Into The Future: Deep Learning Apps That Can Target Malware Become A Possibility
As per the tech available today, unless and until a programmer tells a program that something’s malicious, malware killing programs are unable to do their job well. However, what if the programs we use had the ability to identify malware on their own? Fortunately, this is no longer a case of what if.
Some companies are in fact, trying to develop a technology that gives programs the ability to identify malicious software. They call this technology ‘Deep Learning’ which takes inspiration from the human mind.
Deep learning is based on neural networks with perceptron being the fundamental unit of these networks. Similar to neurons, perceptrons do not do much on their own but become powerful when linked together as each perceptron performs some algebraic function by taking in numerical inputs. If the result is above a particular threshold, it returns 1 and if not, it gives a 0. However, ever if a programmer designs the program to evolve before each new contagion or alters a few lines of code, computer malware often manages to find its way through antivirus software.

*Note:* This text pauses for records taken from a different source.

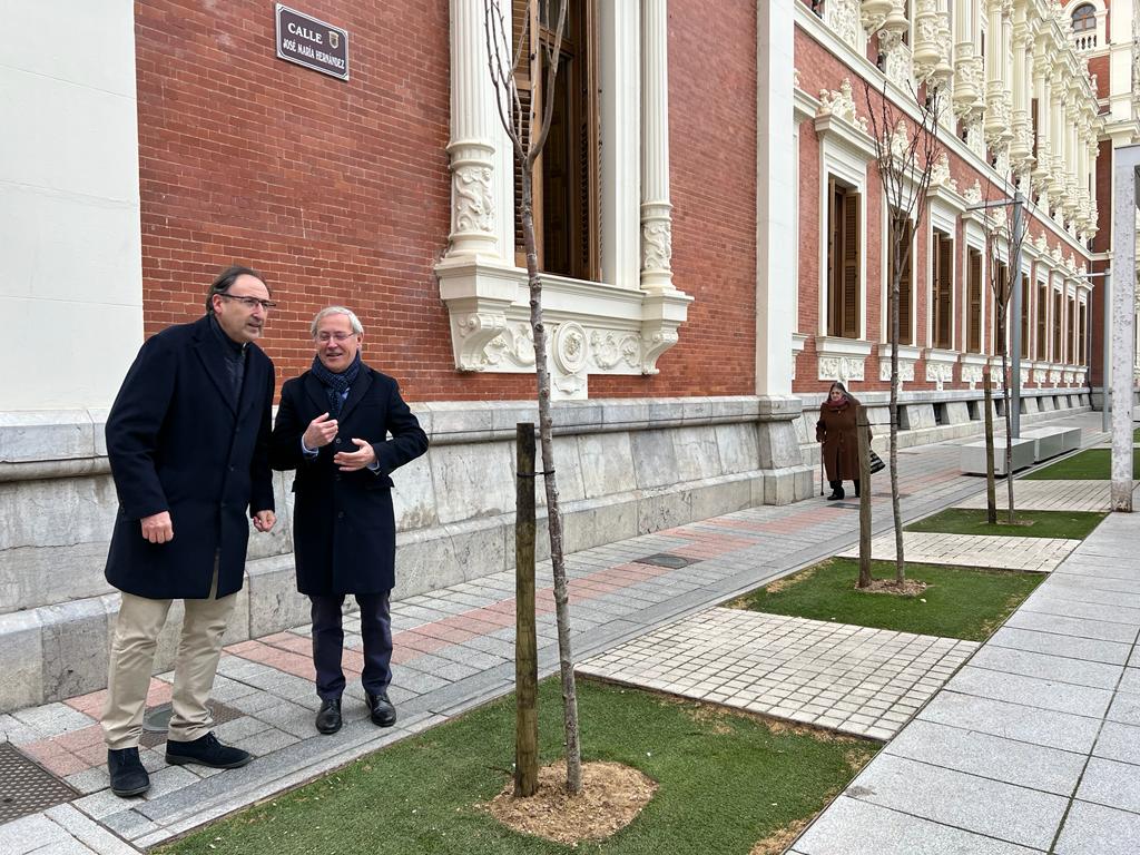 El Primer Teniente de Alcalde, Alfonso Polanco y el concejal de Medio Ambiente, Juan Antonio Marcos, han sido los encargados de presentar una muestra de la nueva plantación que ha iniciado el Ayuntamiento de Palencia.
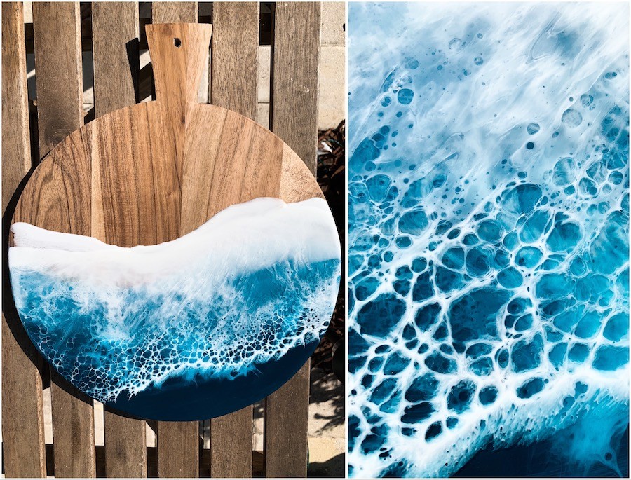 While a good bit of Dominika’s collection can hang on the walls as alluring artwork, many of her other pieces also act as daily-use products. Whether a cutting board, serving tray/platter, dish bowl, longboard or skateboard, the freeform waterscapes are artful reminders to never move to a state that is landlocked. “My mission is to show you the beauty of nature—contemplate its colors, motion, texture and how it affects you,” she says.
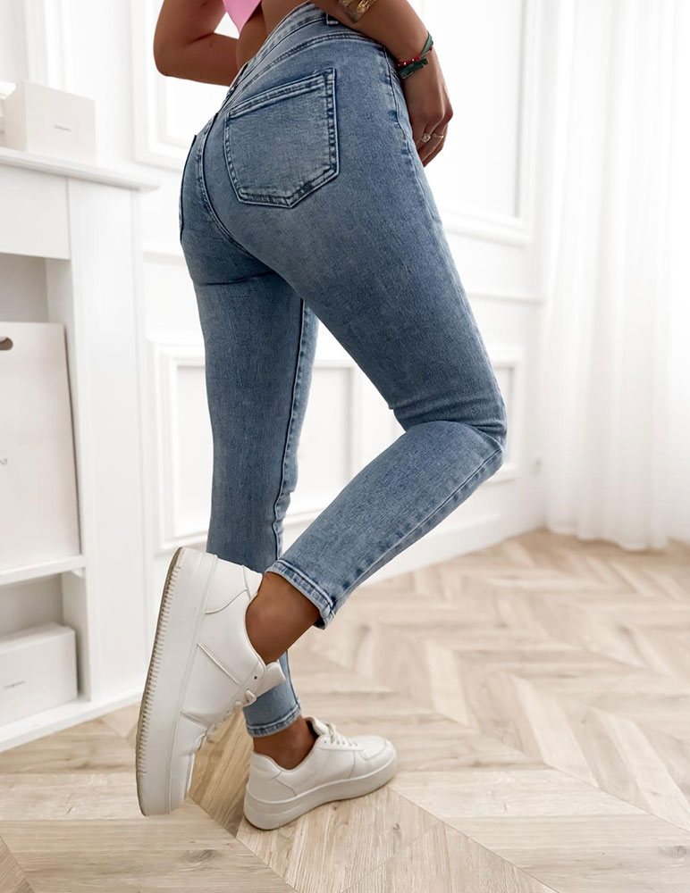 Jednoduché skinny džínsy Honoria pôsobia moderne, nadčasovo a veľmi univerzálne. Sú vyrobené z denimového materiálu, ktorý je doplnený o elastan, vďaka čomu sa prispôsobia postave a pohodlne obopnú nohy. Strih je priliehavý po celej dĺžke od pásu cez boky až po členky, čím zvýrazňuje siluetu a opticky predlžuje nohy. Džínsy majú klasický dizajn bez výrazných ozdôb, čo im dodáva čistý a minimalistický vzhľad.
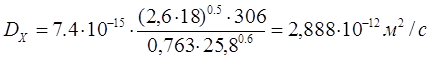 Коэффициент диффузии Dx в разбавленных растворах можем вычислить по уравнению [4.4.2]
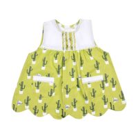 サボテンのイラストが総柄で入ったプリントエプロンです。フロントに2つのにポケットが付いていてかわいいですね。後:マジックテープあき。

A better way of catching such harmful code is offered by feigned neural grids. These grids or networks use malicious and non-malicious file examples to recognize the characteristics of malicious code. They also make use of the deep learning approach which necessitates multiple-layered simulated neurons network training. According to its developers, the deep learning software does a significantly better job of catching malware than existing antivirus software. Although these claims have not been verified as of yet, some people have explored the usage of deep learning and most of them find the results satisfactory when it comes to winning the battle against malicious software.
The network that deep learning contains can appropriately identify new examples when it is fed with a sizeable amount of malware and non-malware examples. Deep learning systems can then tell if a file bears similarity to a malware that already exists. This is where it surges ahead of the existing antivirus software. An alteration in the coding it uses can easily fool existing antivirus software whereas it is difficult to do the same with deep learning systems.
Taking all the above-mentioned things into consideration, it is easy to see why deep learning is seen as the next step in improved software security. Today, a growing number of startups and large tech companies are aggressively pursuing deep learning. The performances of voice recognition software and handwriting recognition are two things the deep learning approach has already improved. Additionally, it’s being used for many complex tasks.
If organizations use tools that learn without training, they will be better placed to protect themselves. This simply means eliminating the system’s need for human instructions to identify normal behavior or traffic in a server or application. When this dependency on human instructions is eliminated, systems will be able to automatically identify unusual or abnormal usage patterns.
The good news is that we are close to achieving that and it won’t be long before deep learning apps that can target malware become a possibility.